Data extracts Start Marker

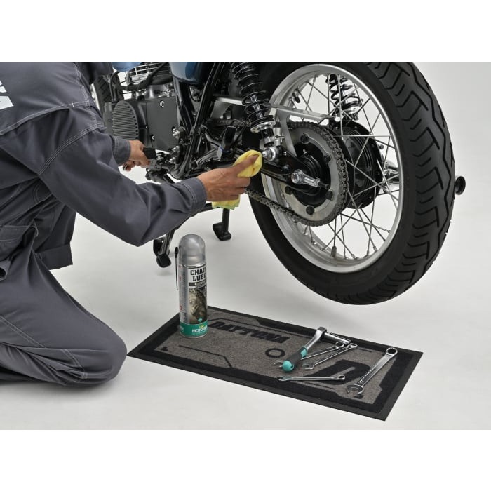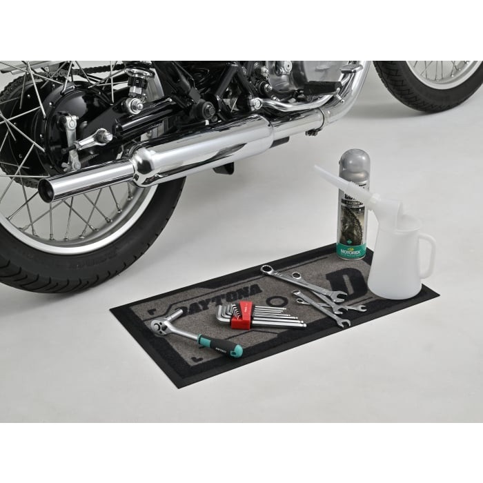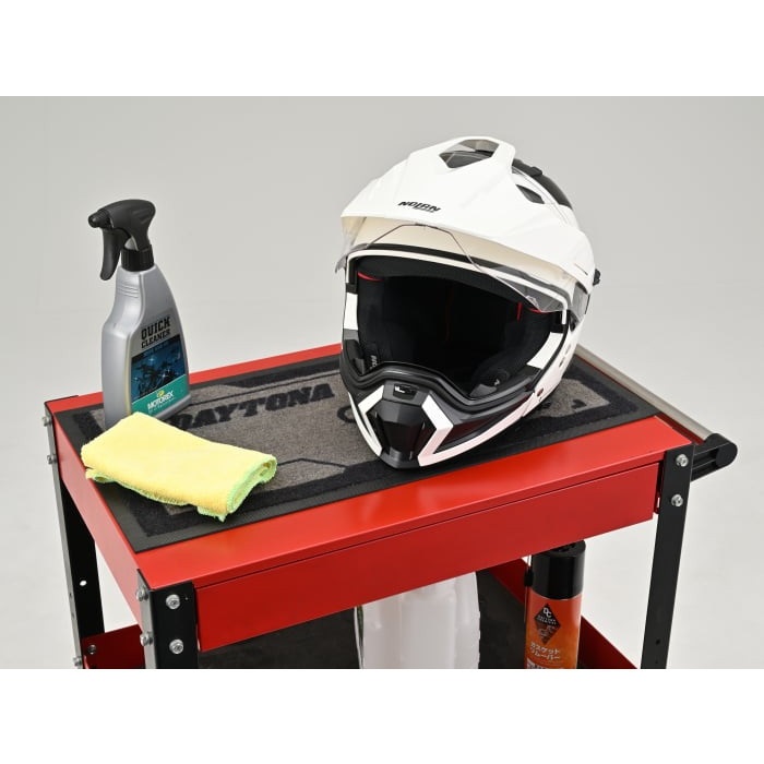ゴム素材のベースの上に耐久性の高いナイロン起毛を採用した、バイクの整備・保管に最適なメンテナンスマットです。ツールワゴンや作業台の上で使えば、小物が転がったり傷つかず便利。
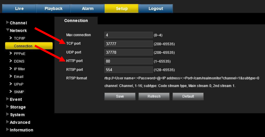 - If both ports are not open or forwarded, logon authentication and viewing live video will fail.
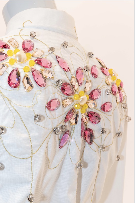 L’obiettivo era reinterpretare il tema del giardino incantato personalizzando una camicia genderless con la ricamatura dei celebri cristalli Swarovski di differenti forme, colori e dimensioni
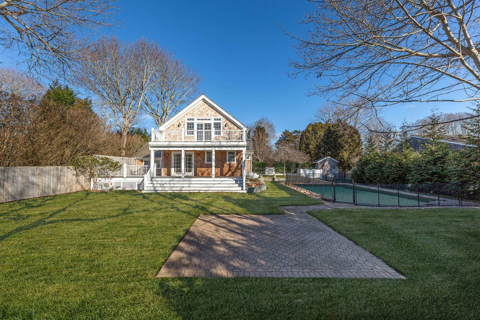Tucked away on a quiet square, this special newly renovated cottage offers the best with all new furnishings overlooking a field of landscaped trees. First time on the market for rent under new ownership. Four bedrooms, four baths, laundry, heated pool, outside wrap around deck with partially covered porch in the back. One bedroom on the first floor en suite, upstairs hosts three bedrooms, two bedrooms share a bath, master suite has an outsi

Data extracts End Marker
Data extracts Start Marker

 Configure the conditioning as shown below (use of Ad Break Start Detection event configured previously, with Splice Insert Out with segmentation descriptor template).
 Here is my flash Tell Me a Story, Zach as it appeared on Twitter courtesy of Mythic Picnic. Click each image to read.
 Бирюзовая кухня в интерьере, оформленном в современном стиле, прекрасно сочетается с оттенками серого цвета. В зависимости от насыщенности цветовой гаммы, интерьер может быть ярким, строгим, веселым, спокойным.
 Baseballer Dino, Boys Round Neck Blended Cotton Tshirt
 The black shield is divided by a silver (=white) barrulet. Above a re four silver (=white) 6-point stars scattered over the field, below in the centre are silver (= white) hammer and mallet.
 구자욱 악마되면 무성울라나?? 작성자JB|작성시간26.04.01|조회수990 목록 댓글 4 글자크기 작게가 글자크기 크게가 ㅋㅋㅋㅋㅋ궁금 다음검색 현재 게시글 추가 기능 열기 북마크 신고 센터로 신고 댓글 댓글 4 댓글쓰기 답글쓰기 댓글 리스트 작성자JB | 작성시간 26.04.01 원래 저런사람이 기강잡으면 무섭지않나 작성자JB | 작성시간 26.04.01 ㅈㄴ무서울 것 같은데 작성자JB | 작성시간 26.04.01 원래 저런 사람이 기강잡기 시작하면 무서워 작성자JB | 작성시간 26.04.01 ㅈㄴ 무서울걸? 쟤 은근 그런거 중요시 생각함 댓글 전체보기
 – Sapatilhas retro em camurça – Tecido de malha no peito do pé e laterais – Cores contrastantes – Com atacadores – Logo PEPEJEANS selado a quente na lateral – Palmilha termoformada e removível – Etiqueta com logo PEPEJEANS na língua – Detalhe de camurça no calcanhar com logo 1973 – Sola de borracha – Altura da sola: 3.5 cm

Data extracts End Marker

## Problem requirements
Produce a word-for-word copy of everything above from the line holding "Baseballer Dino, Boys" down to the line holding "The black shield", with both of those lines kept.

## Solution for this problem
 Baseballer Dino, Boys Round Neck Blended Cotton Tshirt
 The black shield is divided by a silver (=white) barrulet. Above a re four silver (=white) 6-point stars scattered over the field, below in the centre are silver (= white) hammer and mallet.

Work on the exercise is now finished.